Week in Review: After a month of listening and collaboration sessions, Starbucks looks to the future
As Starbucks senior leaders and chief executive officer Howard Schultz wrap up a month of dozens of collaboration sessions with store partners around the country, they’re focusing on taking ideas and turning them into action.
For the week of April 25, Starbucks senior leaders and chief executive officer Howard Schultz traveled around the country to listen, learn and exchange ideas with store partners (employees) in collaboration sessions that will shape the future of the company. This week, collaboration sessions were in San Diego, Dallas, Boston, New York, Atlanta, Schaumburg, Illinois, and are continuing Friday in Maryland and San Francisco.
Co-creating benefits for partners of all ages
In his 12 years at Starbucks, Vic feels like he’s taken advantage of several significant partner (employee) benefits: a career-development opportunity to be the first manager of the downtown Disney Starbucks store in Anaheim, Calif.; a degree through the Starbucks College Achievement Plan; and tens of thousands of dollars in reimbursements as he and his wife went through adoption and in vitro fertilization.
“It’s what makes me proud to be a partner, it’s absolutely amazing,” said Vic, now a store manager in San Diego. “But the reality is that not all of our benefits apply to every single partner.
“We need to start reevaluating what some of our younger partners want in terms of benefits so that they stay with the company longer, and they feel proud 12, 15 years down the road, like I feel.”
Vic was one of 16 store partners who shared their thoughts at a collaboration session Wednesday in San Diego, as Starbucks partners and leaders continue to meet in facilitated groups across the country to re-imagine and co-create the future of the company.
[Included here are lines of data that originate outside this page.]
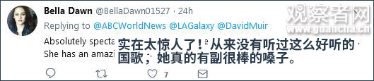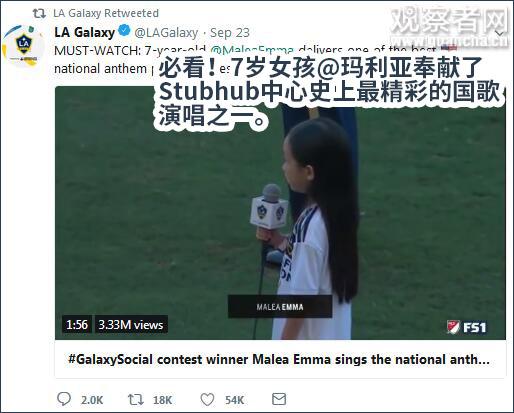 银河队官推也在23日转发了玛利亚演唱的视频,称这是“Stubhub中心有史以来最精彩的演唱之一”。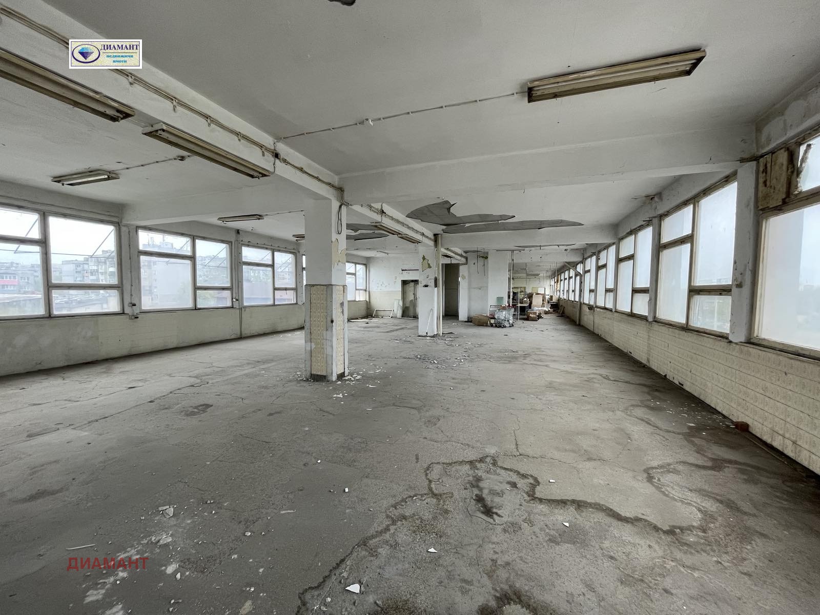 Самостоятелен етаж от промишлена сграда на комуникативно място, с идеални части от парцела, върху който е построена. Възможност за паркиране около сградата. Състои се от голяма зала със широчина 12 м. и колони по средата на залата през 6 м., два санитарни възела. Ползване на два товарни асансьора с рампа на кота нула и изходи в помещението, както и един пътнически асансьор на етажната площадка след съответен ремонт. Два санитарни възела. Състояние: под мозайка, дограма дървена, всичко е за основен ремонт. Възможност за предлагане на допълнителна квадратура на друг етаж. Реф. 6422.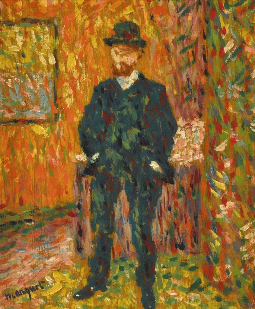 Albert Marquet è spesso considerato uno dei maestri dell'espressionismo fauvista, accanto a figure emblematiche come Henri Matisse e André Derain. La sua carriera, iniziata alla fine del XIX secolo, è segnata da una ricerca incessante di armonia cromatica e di luce. Marquet ha saputo trarre vantaggio dalle influenze impressioniste, forgiano uno stile proprio. La sua amicizia con Rouveyre, anch'egli artista, alimenta una riflessione sull'identità e sull'arte, e questo ritratto ne è la testimonianza vibrante. L'impatto di Marquet sull'arte moderna è indiscutibile, e le sue opere continuano a ispirare numerosi artisti contemporanei che cercano di esplorare i limiti del colore e della forma. Il suo approccio innovativo, combinato a una sensibilità emotiva, lo rende una figura imprescindibile nel panorama artistico del XX secolo.
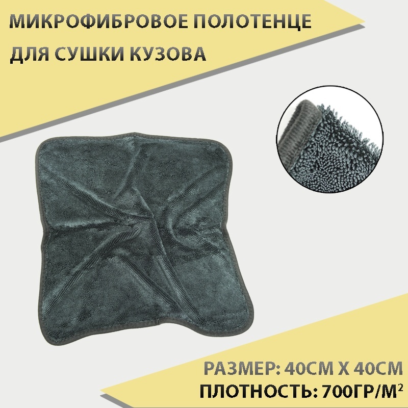 Sem-Ali микрофибровое полотенце для сушки кузова серый 40*40см плотность 700гр/м2 1шт

The meeting took place in an upstairs conference room at the Feeding San Diego food bank, a partner in Starbucks FoodShare program.
Like most of the sessions, the time in San Diego was split in half, with the first spent sitting in a circle reflecting on the current retail experience and the second standing up – workshopping, imagining and discussing solutions. The group focused on the themes of more relevant benefits and the eroding partner experience, exacerbated by the COVID pandemic.
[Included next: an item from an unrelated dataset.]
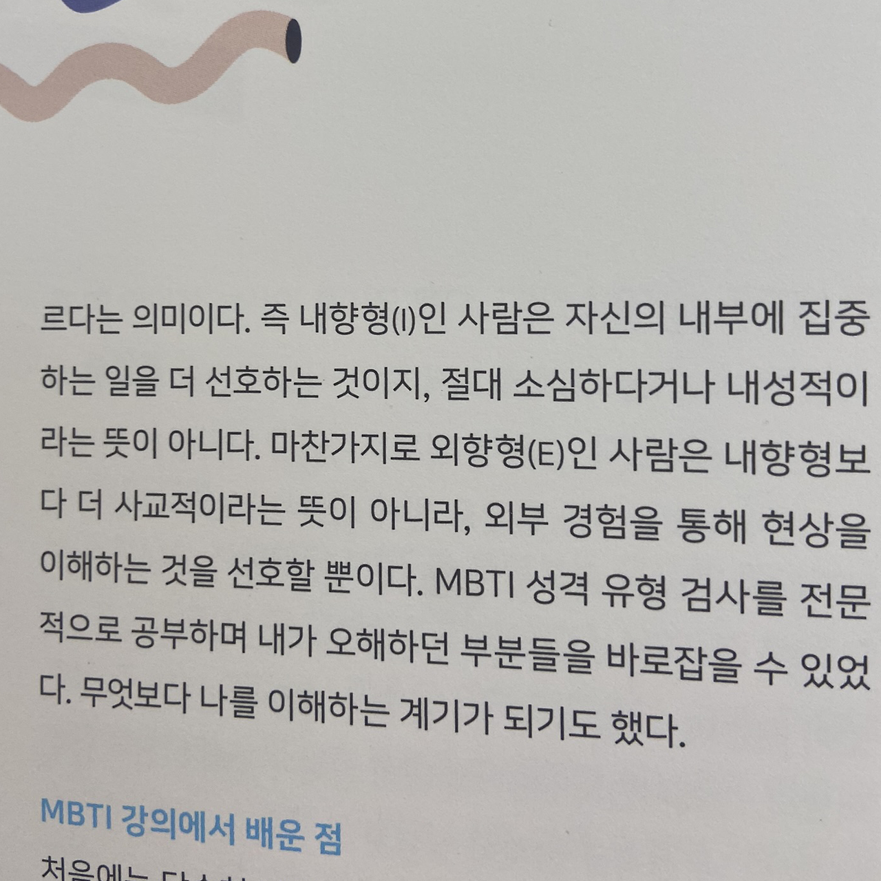 사실 이 책에서 중점적으로 다루는 MBTI 자체만 봤을 땐 이미 한 물 지나간 거 아닌가, 생각할 수 있다. 이제는 대부분의 사람들이 자신의 코드를 알고 다른 사람의 코드에 관심을 가지며, 그 차이를 존중하는 순기능의 덕을 본 지 오래니까. 하지만 책 속의 많은 이들이 MBTI를 과소평가하지도, 과대평가하지도 말라고 말한다.

Among the hopes that partners shared:
- Starbucks stores will feel like a true third place where people gather
- Starbucks will feel like an integral part of the community, including partners having time to volunteer and store designs that reflect the neighborhoods they are in
- Partners on various shifts will get to know each other better and to build even stronger teams
- That a culture of kindness will be fostered in all the stores, especially between partners and customers
- That partners will be able to provide customers with a great personal experience while balancing complexities in the stores as the business has evolved – from hot drinks to cold drinks, from a café experience to a drive through and mobile order and pay experience, from standardized offerings to more drink customization
- Solutions to fatigue and low morale caused by schedule and pay issues
- Promoting leaders who strongly believe in the mission and values of the company
- That the company will bring back the Coffee Masters program to deepen and recognize coffee expertise
‘Creating uplifting human connection in a world that needs it.’
As he reflected with the group, Starbucks chief marketing officer Brady Brewer, told them, “The past two years have taught us so much about where we’ve invested and where we haven’t, and what we need to do to be who we want as a company.”
After the session ended, Brewer continued the conversation with a barista who’s worked part-time for 17 years. She told him she’d love to see a thank you to all the store managers who’ve made it through the pandemic.
“That hit me,” Brewer said. “We need to meaningfully honor what we’ve been through together and ensure that our partners in the stores feel truly appreciated for all they have done and continue to do each day.
“There’s so much we can do as a company to have a positive impact on this world,” Brewer said. “I don’t know of any other brand at our scale that puts human connection at the center of its purpose. I think there’s going to be an increasing premium on genuine human connection over time. That is one of the most exciting opportunities for Starbucks: creating uplifting human connection in a world that needs it.”